Tell about array, what is it?

2. Solve

Array is a continue space of memory

Memory it self is a problem, every language do different thing to allocating memory, which affecting how array work under the hood.

  • Get: Which usually come with a offset, which the computer will jump to array stored memory, take into the element size of that array, multiple it with offset. Then load it to the CPU.
    load <arr> + <offset> * <size>
    
  • Set: We accessing the memory need to change and modify it data
    set <arr> + <offset> * <size>, <value>
    

By using the randomize accessing memory, knowing exact where we want to access, and how much size we want to get. By leverage our Hardware O(1)

3. Array reference

By focusing on a specific language, we can have a deeper talk of array concept:

3.1. C language array and memory allocation

3.1.1. LAP 1 - Array in C

This being compile with this flag (using vim config and vim make)

set makeprg=gcc\ -fdiagnostics-plain-output\ -g\ -I.\ -o\ dist/%:r\ %

If you using -O3, then this meh, not even work.

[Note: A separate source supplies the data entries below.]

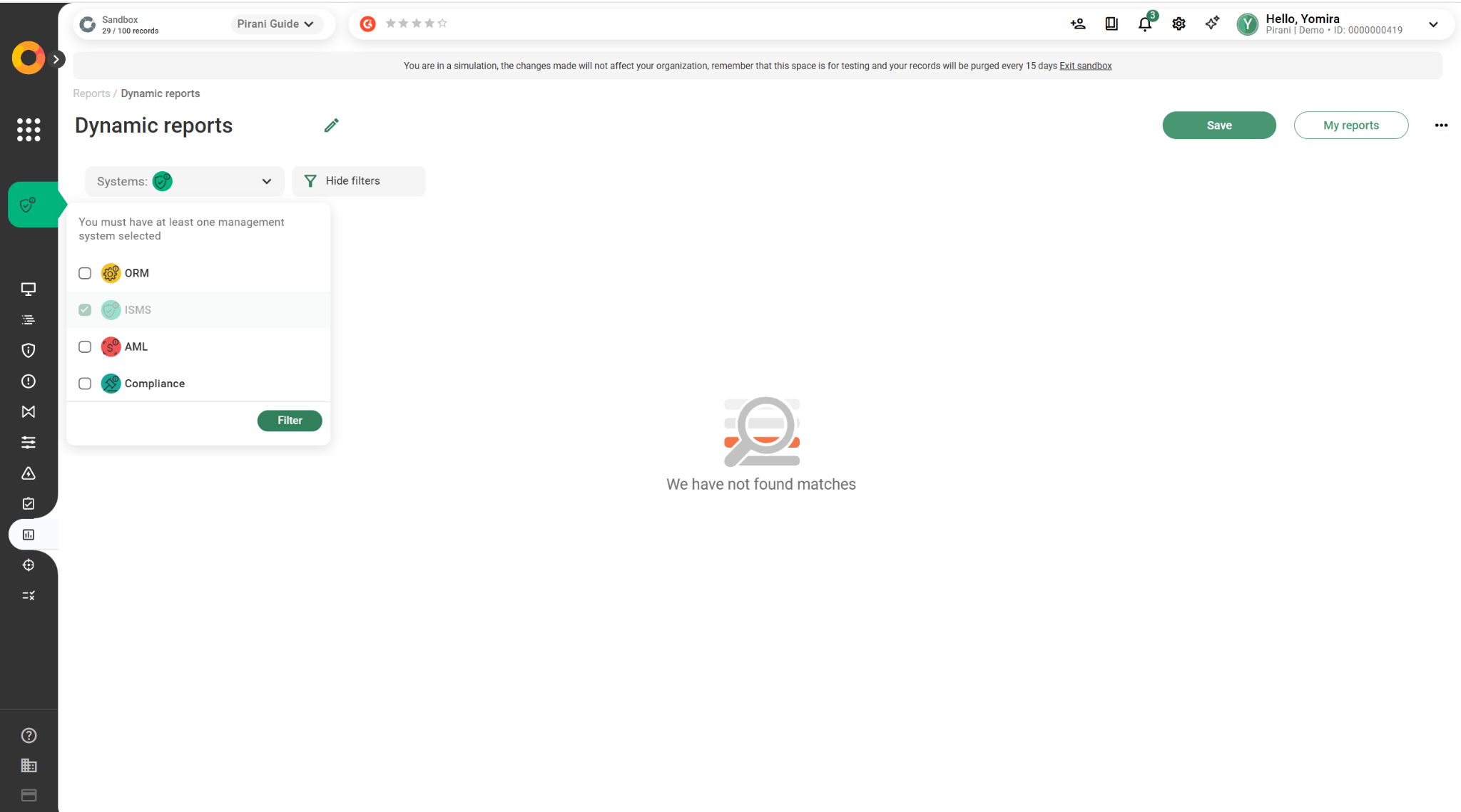 Since this module is cross-functional, you can select one or several management systems to generate your reports.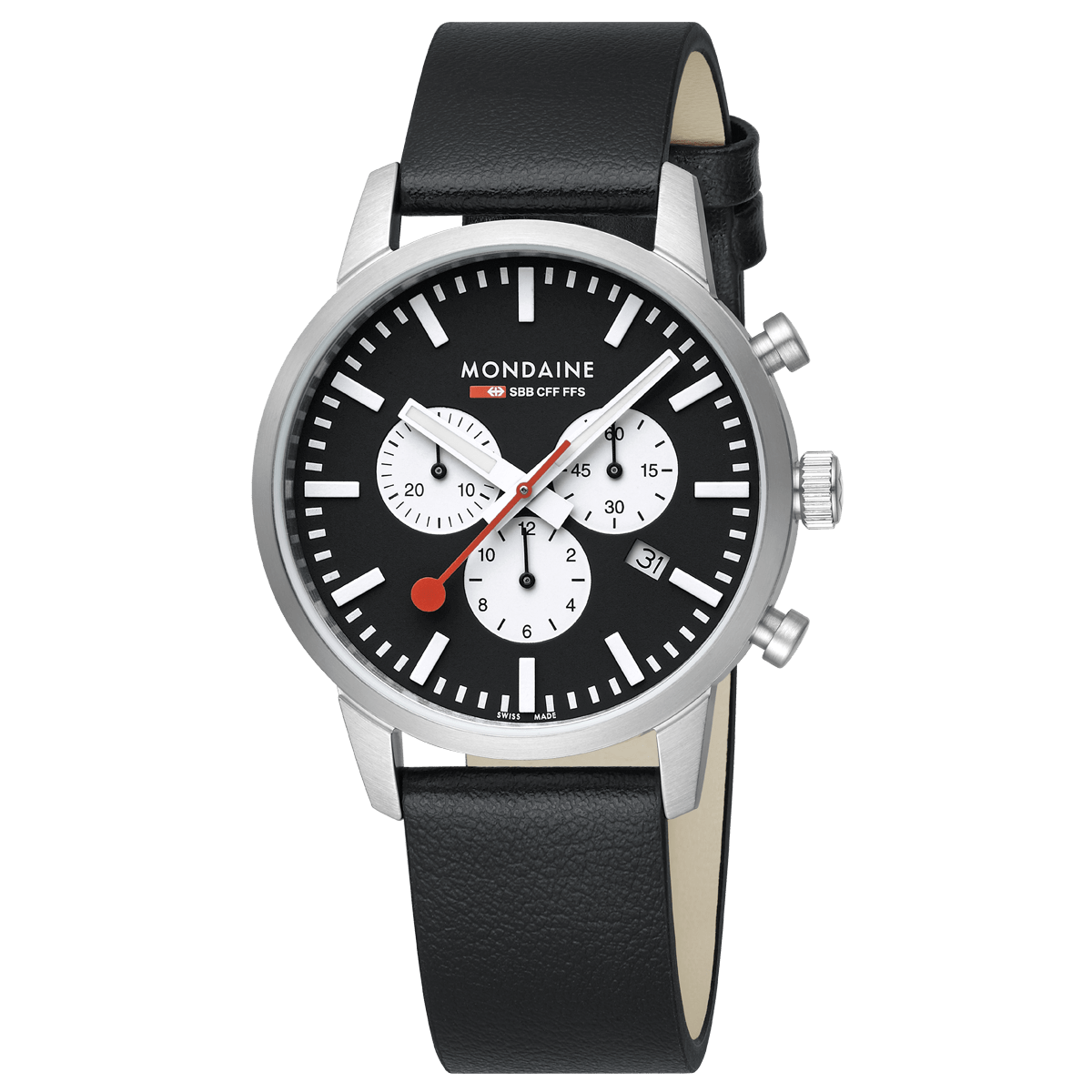 This sophisticated and masculine chronograph reverses the classic panda dial featuring a black dial with white sub-dials whilst seamlessly fusing this with the iconic Swiss Railways station design. The chronograph with a 41mm brushed stainless steel case introduces a new case shape unique to this line and is equipped with a date display and chronograph function allowing the wearer to track the date and measure elapsed time with precision. The top of the hands is equipped with SuperLuminova ensuring that time can be effortlessly read, regardless of the ambient light. The dial is protected by sapphire crystal with anti-reflective coating, a strong and scratch resistant material and is paired with a black vegan grape leather strap. Make a statement with this sophisticated and classic timepiece!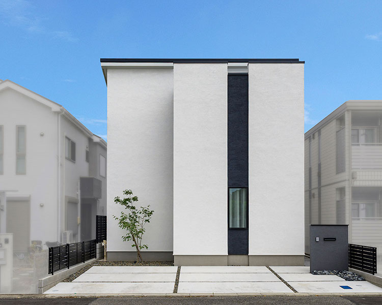 外壁に2色の吹き付けと2種類のタイルを用いた外観。色のトーンを変えることによって、統一感とアクセントをバランスよく整えて表情豊かなデザインに。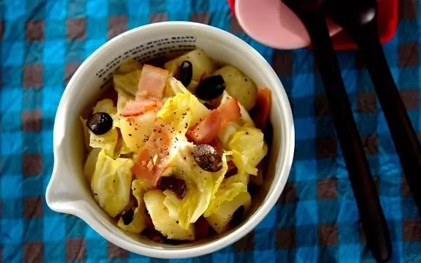 寒い時期だけでなく、暑いときこそ、実はホットサラダがおすすめ。キャベツやベーコンにジャガイモ、そしてアンチョビでアクセントをつけたこのサラダなら、プラスもう一品のサイドメニューにも、お酒のおつまみにも最適。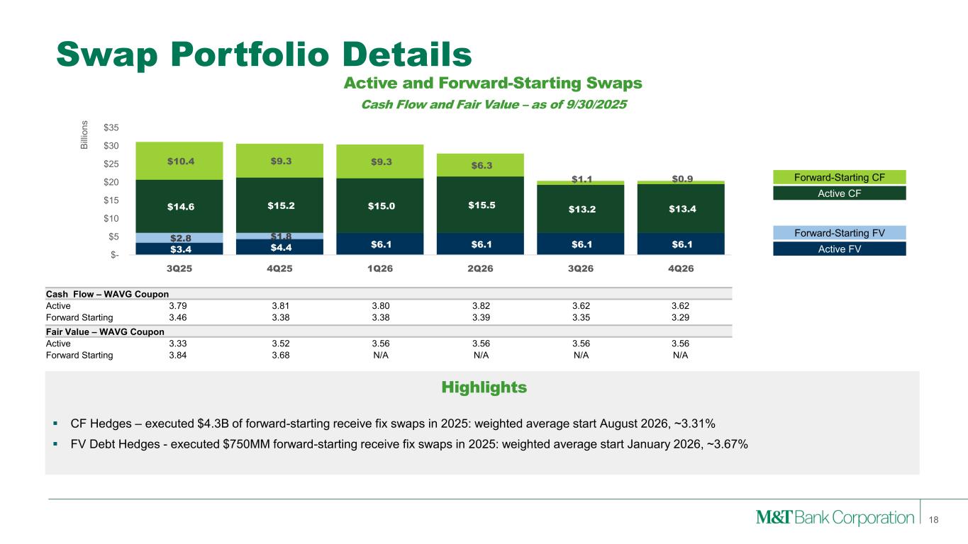 Diversified Business Model Experienced teams provide a wide-range of credit, liquidity and capital markets solutions to meet our customer needs, delivered through a local engagement model and industry expertise on a national scale. Strategically built for the communities in which we operate. High-touch, local sales and service model provides a low-cost, stable funding base, a long-tenured customer base, and the shared benefits of community growth and development. 17 Institutional Services Expanding on strength of its reputation for industry leading service and strong reputation with existing network of deal influencers. Wealth Management Provides planning-led advice, leveraging Wilmington Trust’s national capabilities and the enhanced experience that LPL brings, to grow customers across the wealth continuum. Note: ‘All Other’ category not shown above. Represents 3% ($144 million) of NII, 4% ($90 million) of fees, 3% ($234 million) of revenue, <0.25% (<$0.25 billion) of loans and 5% ($8 billion) of deposits. (1) Net interest income is the difference between actual taxable-equivalent interest earned on assets and interest paid on liabilities by a segment and a funding charge (credit) based on the Company’s internal funds transfer pricing methodology (2) See Appendix 1 and 2 for reconciliation of GAAP with these non-GAAP measures Commercial Bank Retail Bank Institutional Services & Wealth Management Net Interest Income1 $1,599 million 31% $2,959 million 57% $500 million 10% $5,202 million Fee Income $587 million 29% $691 million 34% $678 million 33% $2,046 million Revenue $2,186 million 30% $3,650 million 50% $1,178 million 16% $7,248 million Average Loans $78 billion 57% $53 billion 39% $4 billion 3% $136 billion Average Deposits $46 billion 28% $90 billion 55% $19 billion 12% $162 billion ROTA2 1.17% 2.61% 12.30% 1.41% ROTCE2 13.2% 31.0% 81.4% 15.1% Efficiency Ratio2 49.4% 53.7% 55.1% 56.3% 3Q25 YTD, % of Total M&T Total M&T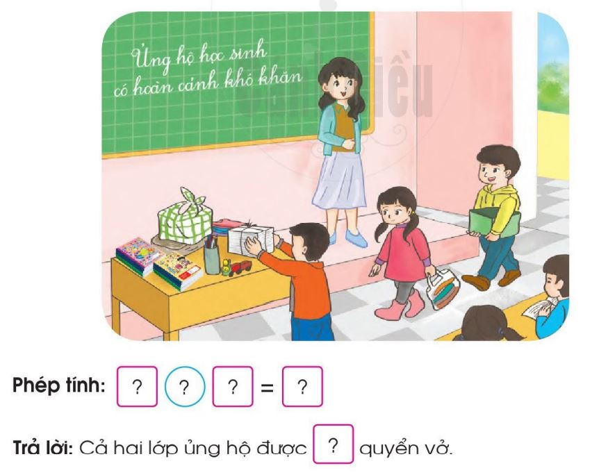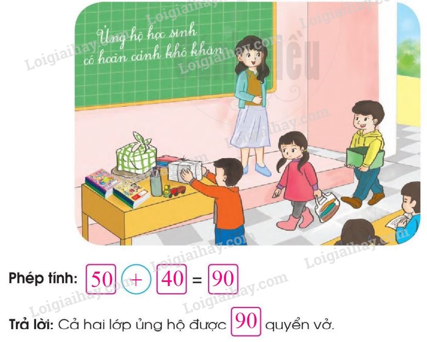 Lớp 1A ủng hộ học sinh có hoàn cảnh khó khăn được 5 chục quyển vở, lớp 1B ủng hộ được 4 chục quyển vở. Hỏi cả hai lớp ủng hộ được bao nhiêu quyển vở?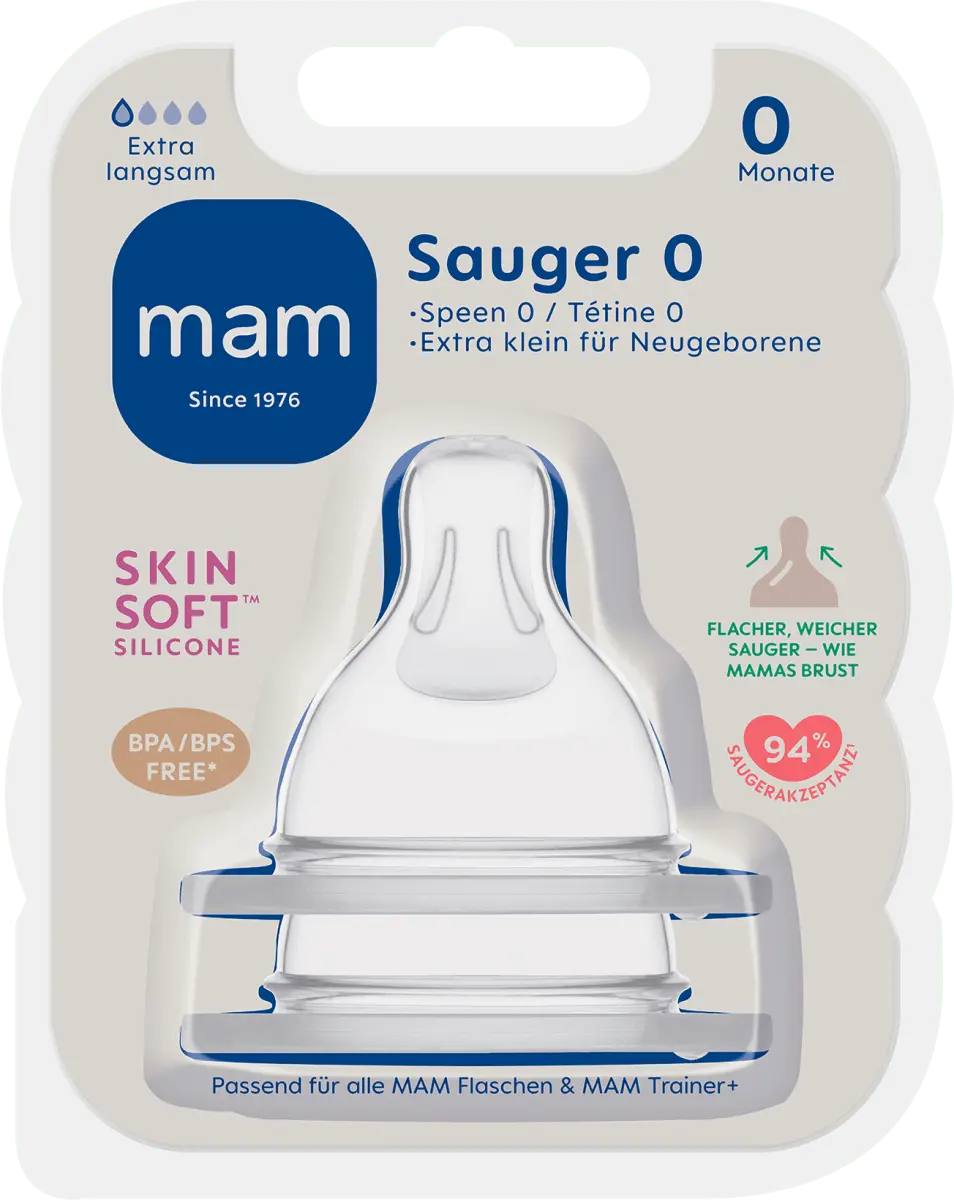 Силиконовая соска MAM размера 0 с рождения особенно подходит для особых потребностей новорожденных, поскольку она адаптирована к материнской груди и, таким образом, облегчает питье. Он изготовлен из специального силикона MAM SkinSoft, который особенно мягкий и приятный на ощупь во рту ребенка. Соску принимают 94% детей.* Особая форма соски и структурные полоски предотвращают ее разрушение во время питья и обеспечивают приятные ощущения от питья. Соски MAM подходят ко всем бутылочкам MAM с широким горлышком и тренажеру MAM. *Рыночное исследование 2009–2017 гг., протестировано на 1508 младенцах.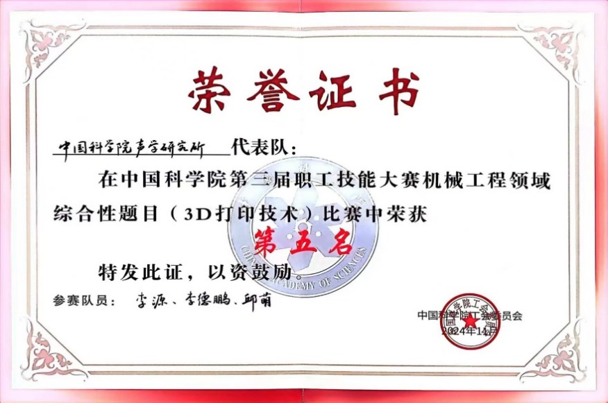 近日,中国科学院第三届职工技能大赛落下帷幕,声学所在本届职工技能大赛中取得优异成绩。2024年11月29日,在西安光机所举办的机械领域技能大赛中,声学所代表队分别参加了机械基础理论知识考试、先进功能结构3D打印设计、代表作展示三个赛道的比赛,取得团体优胜奖。其中,邱萌、李起忠分别获得机械基础理论考试第一名和第二名;李源、李德鹏、邱萌组成的代表队获得先进功能结构3D打印设计与应用项目第五名。11月27日,在计算机网络信息中心举办的网信应用服务领域大赛中,声学所吴京洪、刘照邻为主要成员参加的协作二片代表队,经过初赛和决赛的激烈比拼,获得网信应用服务领域网信应用创新赛三等奖。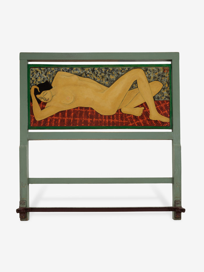 床 設計/ 繪制:羅杰·弗萊 制作/ 經銷:歐米茄工坊 合作企業:富豪 倫敦 1915-1916 年 白樺木,油漆,鑄鐵 床頭板長:117cm 床身尺寸:201cm×166cm 維多利亞與艾爾伯特博物館藏 F.C.O.斯派爾女士遺贈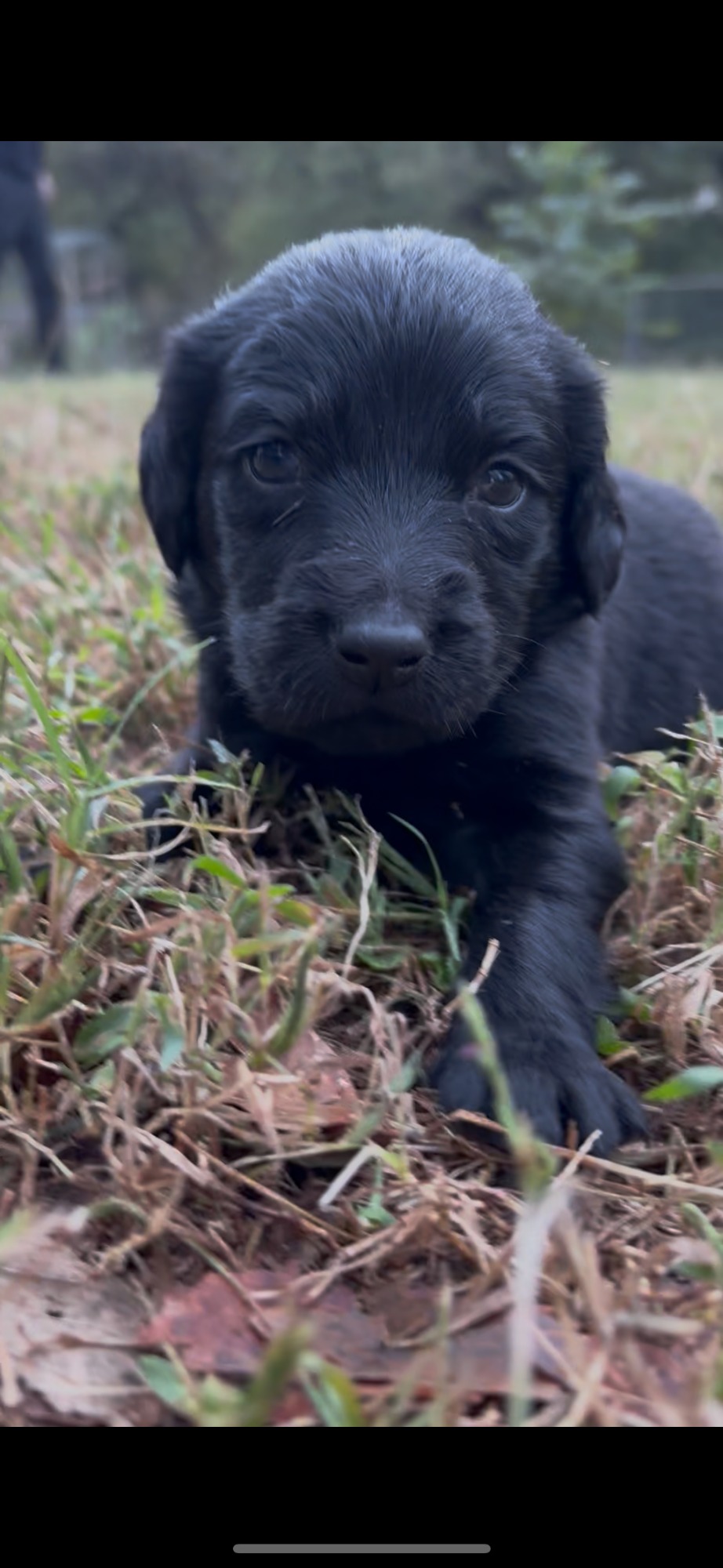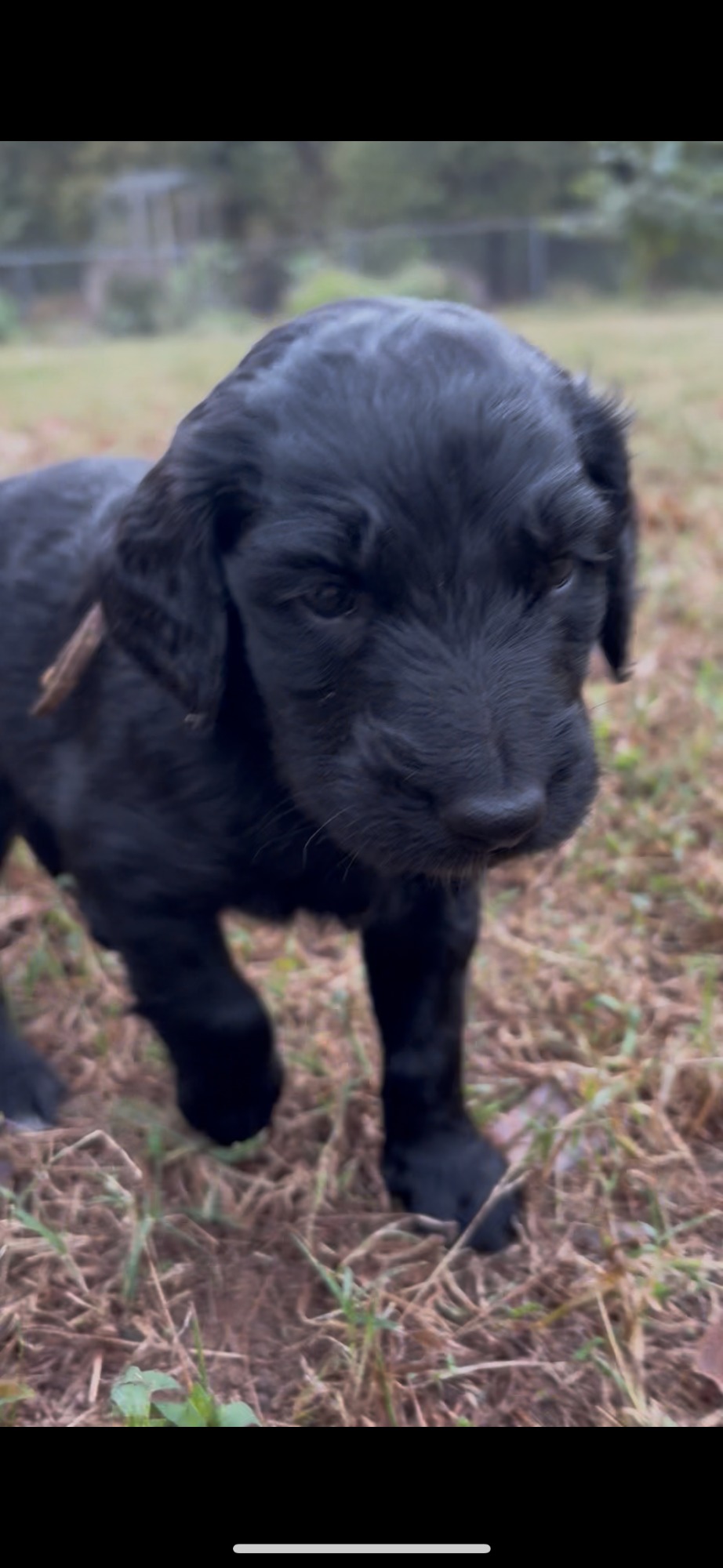 Boy: soft flat coat, super adorable, will follow you around, loves to play

As they change the stack layout to optimize.

#include <stdio.h>
#include <string.h>

char hello[13] = "Hello world!";
long long arr[4] = {1, 1, 1, 1};
int arr_2[8] = {4, 4, 4, 4, 4, 4, 4, 4};

int printHex(unsigned int* arr, int length){
    printf("Array with %d length:\n", length);
    for (int i = 0; i < length; i++) {
        printf("%08x", ((unsigned int*)arr)[i]);
        if (i != length - 1) printf(", ");
    }
    printf("\n");

    return 0;
}

int main(){
    printf("size of arr = %lu\n", sizeof(arr));
    printf("size of arr element = %lu\n", sizeof(arr[0]));
    printHex((unsigned int*)arr, sizeof(arr)/sizeof(unsigned int));


    unsigned int *arr_view = (unsigned int *) &arr;
    unsigned int arr_length = (unsigned int) (sizeof(arr)/sizeof(unsigned int));
    printHex(arr_view, arr_length);

    arr_view[1] = (unsigned int)~0;
    printHex(arr_view, arr_length);
    printf("New value of arr[0] = %lld\n\n\n", arr[0]);


    printf("String: %s with length of %lu, memory size %lu\n", hello, strlen(hello), sizeof(hello) );
    for (int i = 0; i <= strlen(hello); i++) {
        printf("%2x ", hello[i]);
    }
    printf("\n");
    for (int i = 0; i <= strlen(hello); i++) {
        printf("%2c ", hello[i]);
    }
    printf("\n%s\n",hello);
    printHex((unsigned int*) hello, strlen(hello)/(4*sizeof(char)) + 1);
    printHex((unsigned int*) hello, 40);

    printf("\n");
    printf("\n");
    printf("\n");

    // The continue of the stack alocation
    printf("We working with arr_2 (all init with 4)\n");
    printHex((unsigned int*)arr_2, sizeof(arr_2)/sizeof(unsigned int));

    // Change arr, but arr_2 will be affected
    for (int i = 4; i < 8; i++) {
        arr[i] = 2;
    }

    printHex((unsigned int*)arr_2, sizeof(arr_2)/sizeof(unsigned int));

    return 0;
}

The above program it self, return this:

size of arr = 32
size of arr element = 8
Array with 8 length:
00000001, 00000000, 00000001, 00000000, 00000001, 00000000, 00000001, 00000000
Array with 8 length:
00000001, 00000000, 00000001, 00000000, 00000001, 00000000, 00000001, 00000000
Array with 8 length:
00000001, ffffffff, 00000001, 00000000, 00000001, 00000000, 00000001, 00000000
New value of arr[0] = -4294967295


String: Hello world! with length of 12, memory size 13
48 65 6c 6c 6f 20 77 6f 72 6c 64 21  0
 H  e  l  l  o     w  o  r  l  d  !
Hello world!
Array with 4 length:
6c6c6548, 6f77206f, 21646c72, 00000000
Array with 40 length:
6c6c6548, 6f77206f, 21646c72, 00000000, 00000000, 00000000, 00000000, 00000000, 00000001, ffffffff, 00000001, 00000000, 00000001, 00000000, 00000001, 00000000, 00000004, 00000004, 00000004, 00000004, 00000004, 00000004, 00000004, 00000004, 00000000, 00000000, 00000000, 00000000, 00000000, 00000000, 00000000, 00000000, 00000000, 00000000, 00000000, 00000000, 00000000, 00000000, 00000000, 00000000



We working with arr_2 (all init with 4)
Array with 8 length:
00000004, 00000004, 00000004, 00000004, 00000004, 00000004, 00000004, 00000004
Array with 8 length:
00000002, 00000000, 00000002, 00000000, 00000002, 00000000, 00000002, 00000000

3.1.2. Explaination - What happening here?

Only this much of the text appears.